Get CLEAR about your goals. But know that your goals can change. Ever tried to drive somewhere when you only had a vague idea of its location? It takes much longer than it does when you have an actual address. The more precise you can get about what you want your career (or anything you’re after) to look like, the easier it will be to stay focused.Really feel this, too. Take some time to visualize what an ideal day would look like, who your dream client might be, etc.
Educate yourself. I took a couple courses and worked with a business coach when I got started. The course I took was Gina Horkey’s 30 Days or Less to Freelance Writing Success, and it was a game changer. It gave me the push I needed to finally get started. But don’t get stuck at that step.
Some people will procrastinate at this step. They’ll buy every course, research every tip and contact every coach before taking action.You’re going to learn a lot from your own journey, so don’t waste time getting started. It’s not going to be perfect, so don’t try to make everything flawless before you dig in.
Carve out time. Oh man, this is a tough one. If you work a full-time job and are launching a side-hustle, you’re going to feel like you’re working all. the. time. And you are.I’m a new mom, and this is a serious struggle for me (tips on this coming soon!) You might only have time to work on your business first thing in the morning, before work. Or late at night, after the kids have gone to bed.
You’re probably going to deal with less sleep and less time for fun while you’re building a business. Schedule time to get your work done whenever you can, and show up to do it. Every day you hit snooze puts you one day further behind.
Give yourself a deadline. If you’ve been wanting to launch a blog, quit your job, publish a book, whatever you’ve been dreaming about…set a deadline. Make this firm, too. Don’t say “spring.” Say, “May 1st.” Don’t get too hung up on the date, though.

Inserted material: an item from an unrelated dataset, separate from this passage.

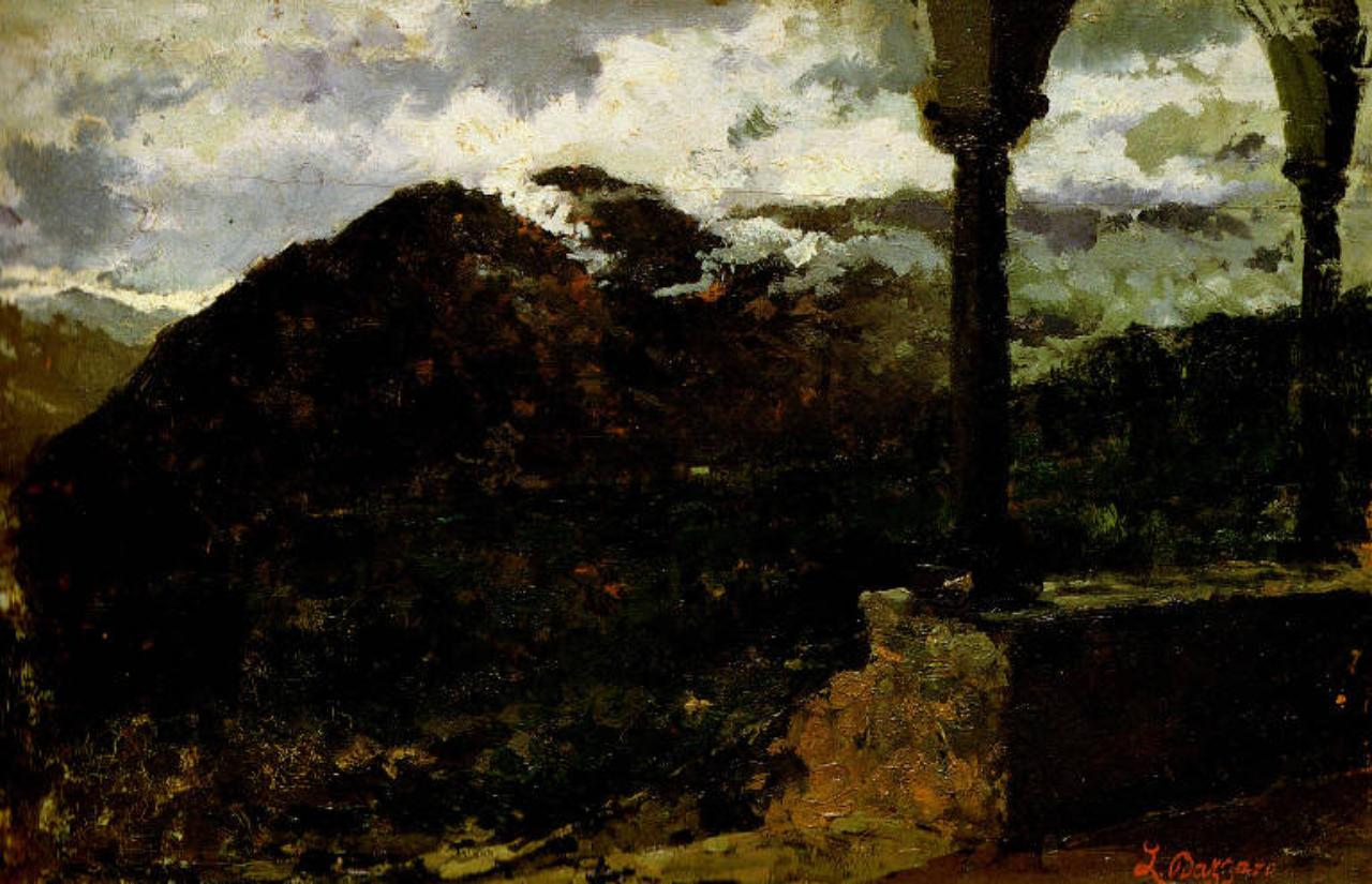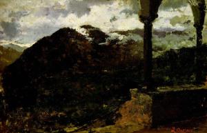 - NOTIZIE STORICO CRITICHE Il dipinto è particolarmente riuscito per la parte del cielo, per la resa delle nuvole che toccano il profilo delle montagne. Il paesaggio è descritto invece in modo molto semplificato, con impasti carichi di materia.

Sounds counterintuitive, right? Why would you set a firm deadline if it doesn’t mean anything?It’s because it will mean something to you. Deep down, you’ll see that date on the calendar, and it’ll be nagging you. You’ll feel an urgency to get things moving. And while most people move these deadlines (I moved mine six months up…that happens a lot!), just having one tends to get you focused.
Make the Leap
The day I quit my job, I spent the whole day sweating, panicking and rehearsing what I was going to say. I nearly chickened out, but my boss asked if I was okay. I almost said yes…but then I told him no, and that I needed to talk to him. He wished me luck, and said if it didn’t work out, I could come back. I spent the next few weeks wrapping up business there and preparing my own business on the side. Those were some of the scariest, most exciting weeks of my life.
I can’t explain the feeling of taking a real, tangible step toward the life of your dreams. It’s empowering and terrifying, and I think everyone should try it.
Have you ever quit a job to start your dream job? What was that day like for you?